Bad sequential performance of RAID5 with a lot of disk seeks

Discussion:

P. Gautschi

2014-10-07 04:44:49 UTC

I've created a RAID5 on 5 identical SATA disks. Doing some performance measurements
with dd I get a disappointing performance.
A dd with bs=1M on a btrfs created on md0 transfers about 110 MB/s. (both read and write)
A dd on md0 has the same write speed but only about 20 MB/s on read.
In all of the tests I hear the disk constantly seeking. This was also the case
during creation of the array.
I also created a RAID4 to make sure that I doesn't get fooled by the stripe layout of RAID5.
Now I get about 110 MB/s for write and 230 MB/s for read on md0. But the constant
seeking is still present for both read and write and during creation of the array.

Why are the disk perform so many seek operations? I think a sequential access on md0 should
cause a sequential access on the individual disk.

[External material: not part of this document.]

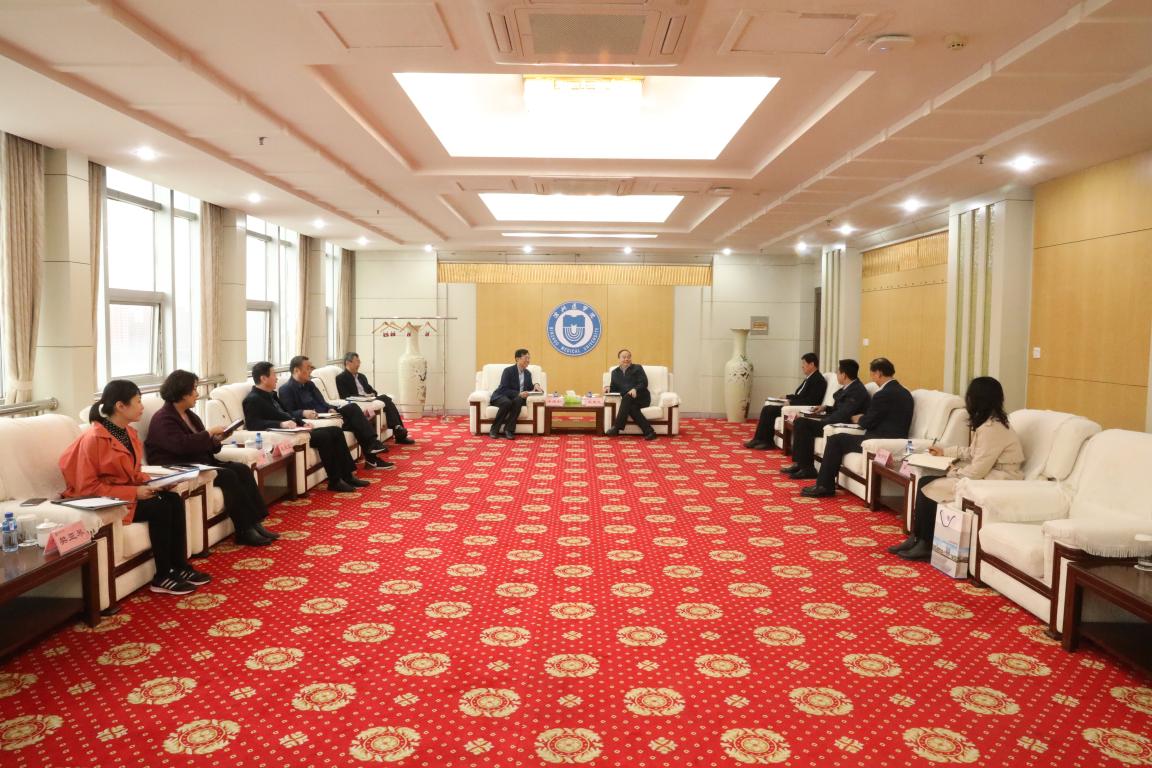 4月2日上午,郓城县人民医院党委书记李庆利一行6人来校访问交流。党委书记车先礼会见李庆利一行。校办公室、研究生处、实践教学管理处有关同志参加会见。

I have to add that I did something unusual: I created the RAID4/5 with a chunk size of 4KiB.
The idea of this was that when I'm going to use btrfs with the default nodesize of 16KiB
all node write will fill a full stripe and there won't be any RMW at all. (both fortunate
for performance and integrity in a power loss situation.)
Nevertheless I think a sequential access on the array should cause a sequential access on the
disks for any chunk size if the read/write block size is a exact multiple of
the (numdisks-1)*chunk size.

Is there any explanation for the seeks and how do I get rid of them?

Patrick
--
To unsubscribe from this list: send the line "unsubscribe linux-raid" in
the body of a message to ***@vger.kernel.org
More majordomo info at http://vger.kernel.org/majordomo-info.html

Robin Hill

2014-10-07 07:43:47 UTC

Permalink

Post by P. Gautschi
I've created a RAID5 on 5 identical SATA disks. Doing some performance measurements
with dd I get a disappointing performance.
A dd with bs=1M on a btrfs created on md0 transfers about 110 MB/s. (both read and write)
A dd on md0 has the same write speed but only about 20 MB/s on read.
In all of the tests I hear the disk constantly seeking. This was also the case
during creation of the array.
I also created a RAID4 to make sure that I doesn't get fooled by the stripe layout of RAID5.
Now I get about 110 MB/s for write and 230 MB/s for read on md0. But the constant
seeking is still present for both read and write and during creation of the array.
Why are the disk perform so many seek operations? I think a sequential access on md0 should
cause a sequential access on the individual disk.
I have to add that I did something unusual: I created the RAID4/5 with a chunk size of 4KiB.
The idea of this was that when I'm going to use btrfs with the default nodesize of 16KiB
all node write will fill a full stripe and there won't be any RMW at all. (both fortunate
for performance and integrity in a power loss situation.)
Nevertheless I think a sequential access on the array should cause a sequential access on the
disks for any chunk size if the read/write block size is a exact multiple of
the (numdisks-1)*chunk size.
Is there any explanation for the seeks and how do I get rid of them?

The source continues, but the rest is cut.